* What to produce
Give back, word for word, the lines in the listing below from the one holding "اگر میخواهید دیوار" down to the one holding "Merch Message!! A", both ends included.

* Dataset excerpts
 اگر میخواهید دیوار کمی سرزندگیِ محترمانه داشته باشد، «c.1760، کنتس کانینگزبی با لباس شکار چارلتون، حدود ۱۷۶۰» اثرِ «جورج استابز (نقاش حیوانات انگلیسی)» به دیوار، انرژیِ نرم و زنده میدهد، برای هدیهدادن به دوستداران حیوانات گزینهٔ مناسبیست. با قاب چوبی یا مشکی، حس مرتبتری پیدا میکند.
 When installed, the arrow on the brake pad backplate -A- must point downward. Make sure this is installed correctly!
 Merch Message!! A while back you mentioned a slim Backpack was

...

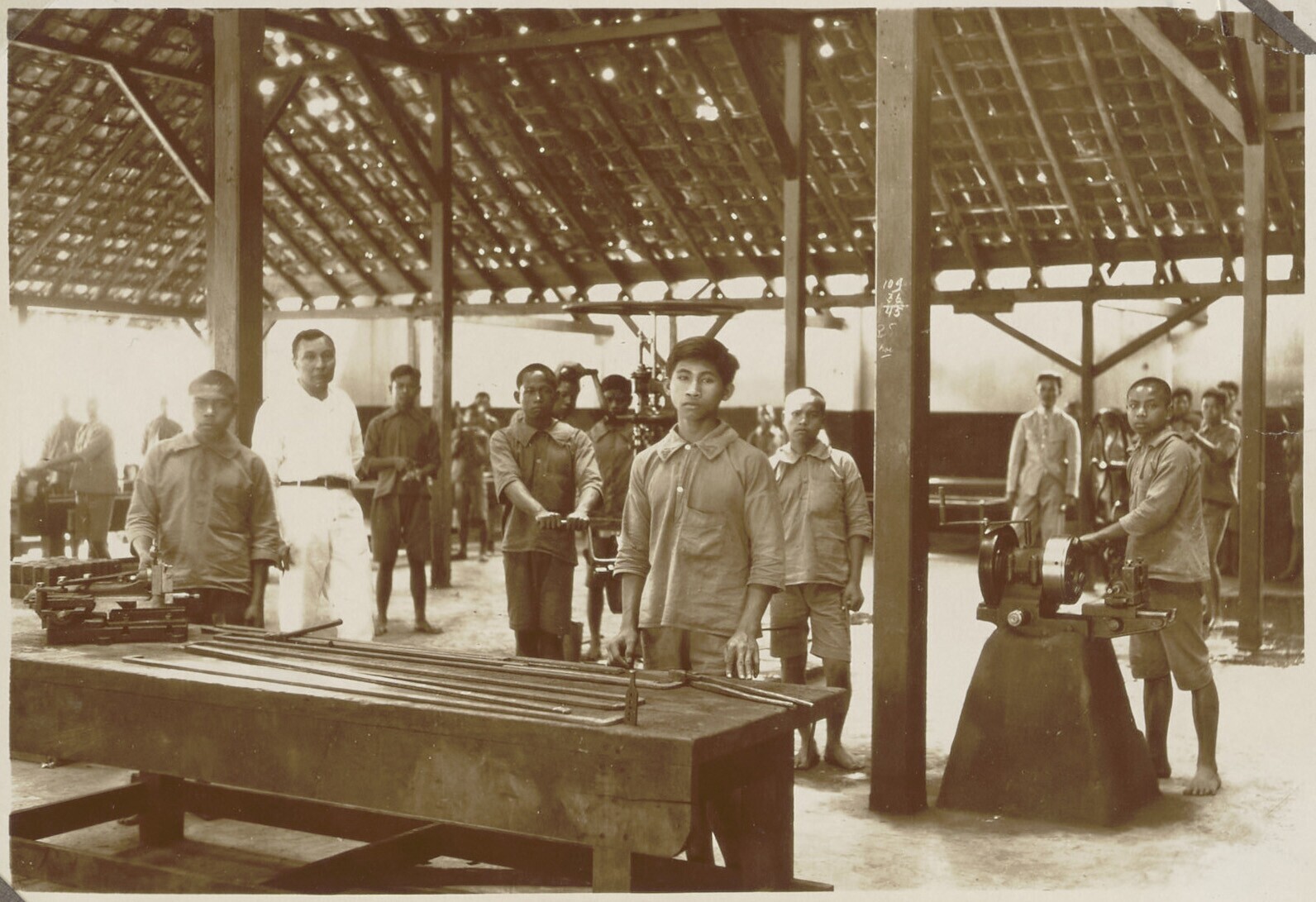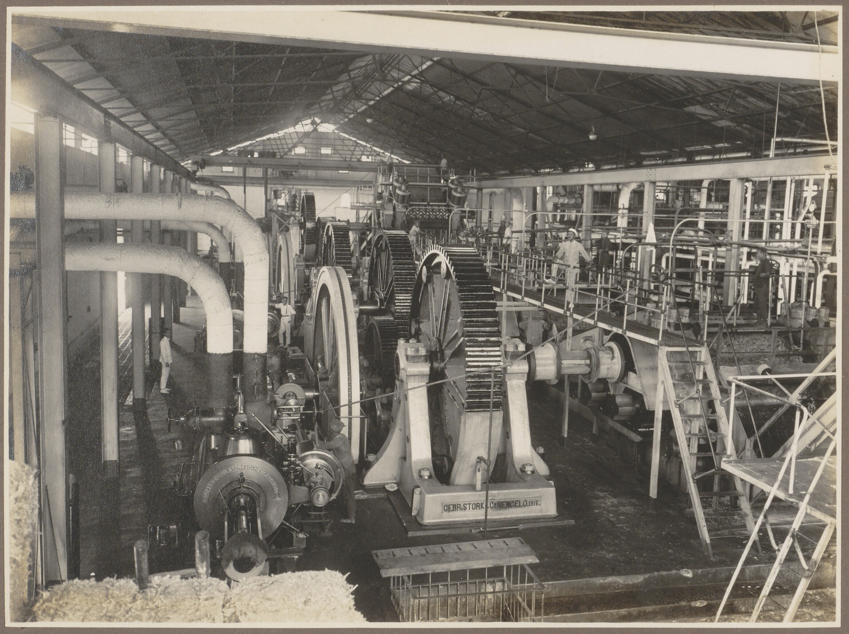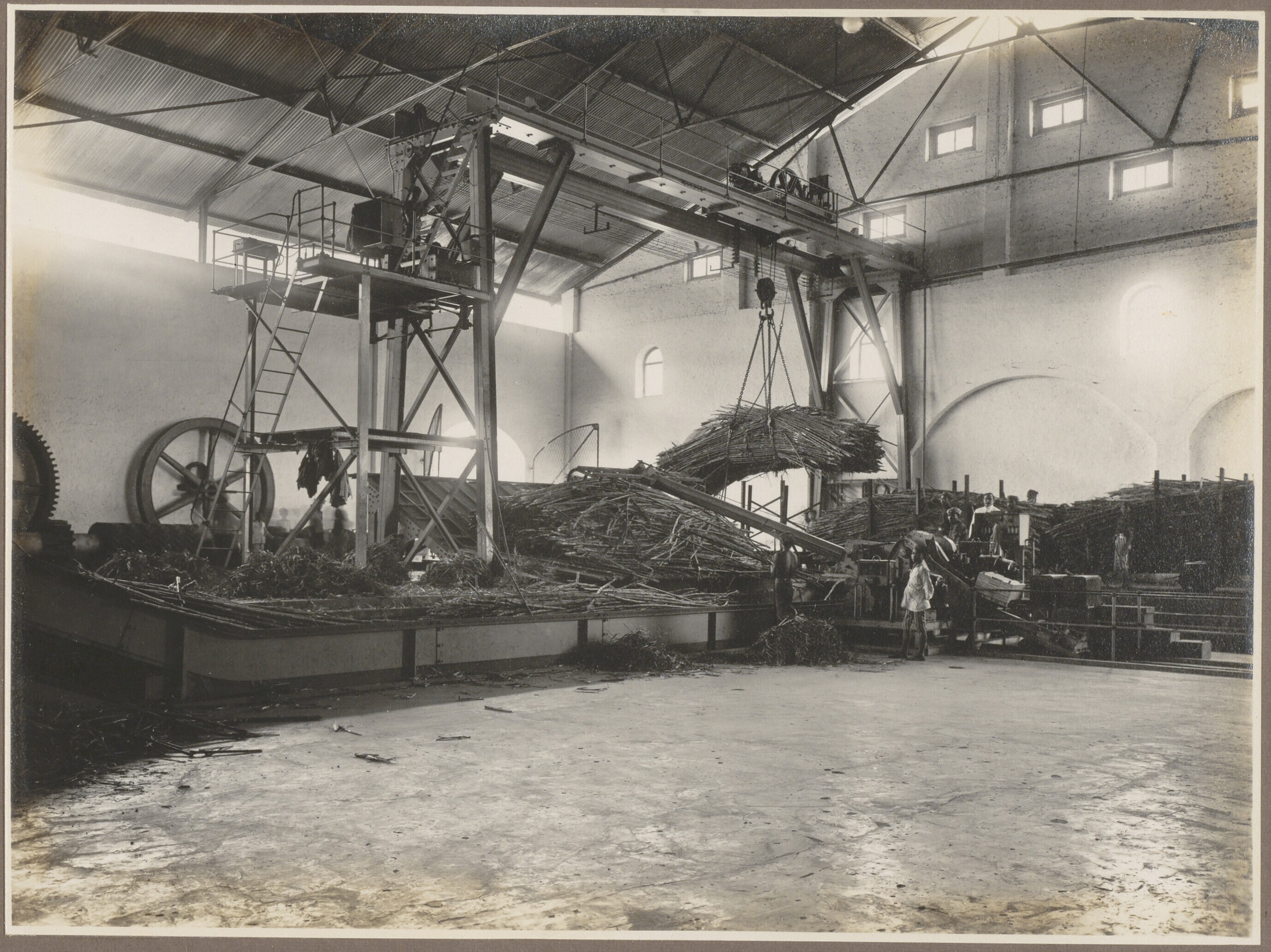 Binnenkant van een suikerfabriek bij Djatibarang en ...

==

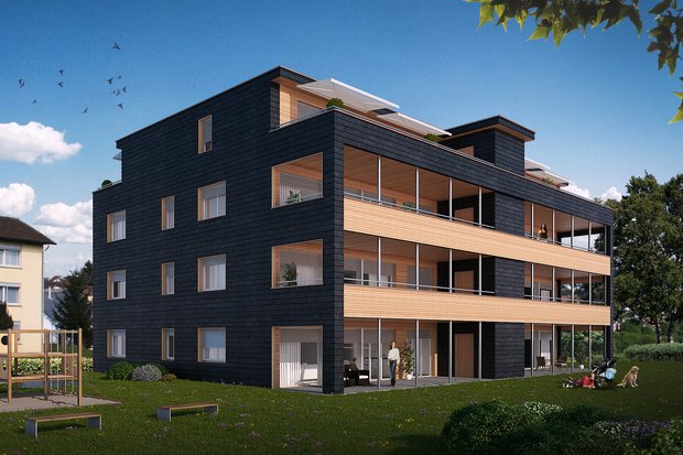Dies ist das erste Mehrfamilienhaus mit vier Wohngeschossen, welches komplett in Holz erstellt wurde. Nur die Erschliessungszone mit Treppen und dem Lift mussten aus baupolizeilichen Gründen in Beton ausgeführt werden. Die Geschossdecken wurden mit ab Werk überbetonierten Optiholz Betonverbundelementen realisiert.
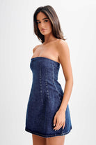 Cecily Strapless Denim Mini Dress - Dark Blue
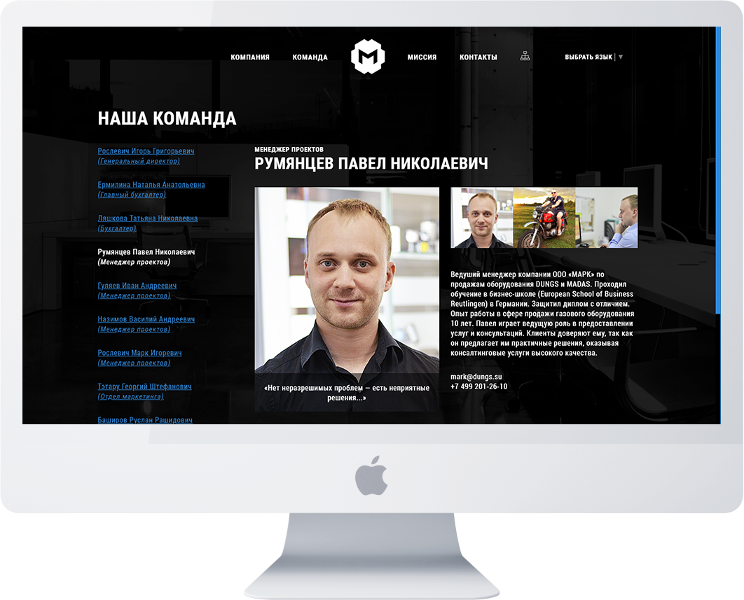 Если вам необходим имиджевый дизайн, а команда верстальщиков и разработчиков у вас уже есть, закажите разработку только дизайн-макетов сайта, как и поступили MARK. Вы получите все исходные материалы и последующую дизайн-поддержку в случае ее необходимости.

* Exercise output
 اگر میخواهید دیوار کمی سرزندگیِ محترمانه داشته باشد، «c.1760، کنتس کانینگزبی با لباس شکار چارلتون، حدود ۱۷۶۰» اثرِ «جورج استابز (نقاش حیوانات انگلیسی)» به دیوار، انرژیِ نرم و زنده میدهد، برای هدیهدادن به دوستداران حیوانات گزینهٔ مناسبیست. با قاب چوبی یا مشکی، حس مرتبتری پیدا میکند.
 When installed, the arrow on the brake pad backplate -A- must point downward. Make sure this is installed correctly!
 Merch Message!! A while back you mentioned a slim Backpack was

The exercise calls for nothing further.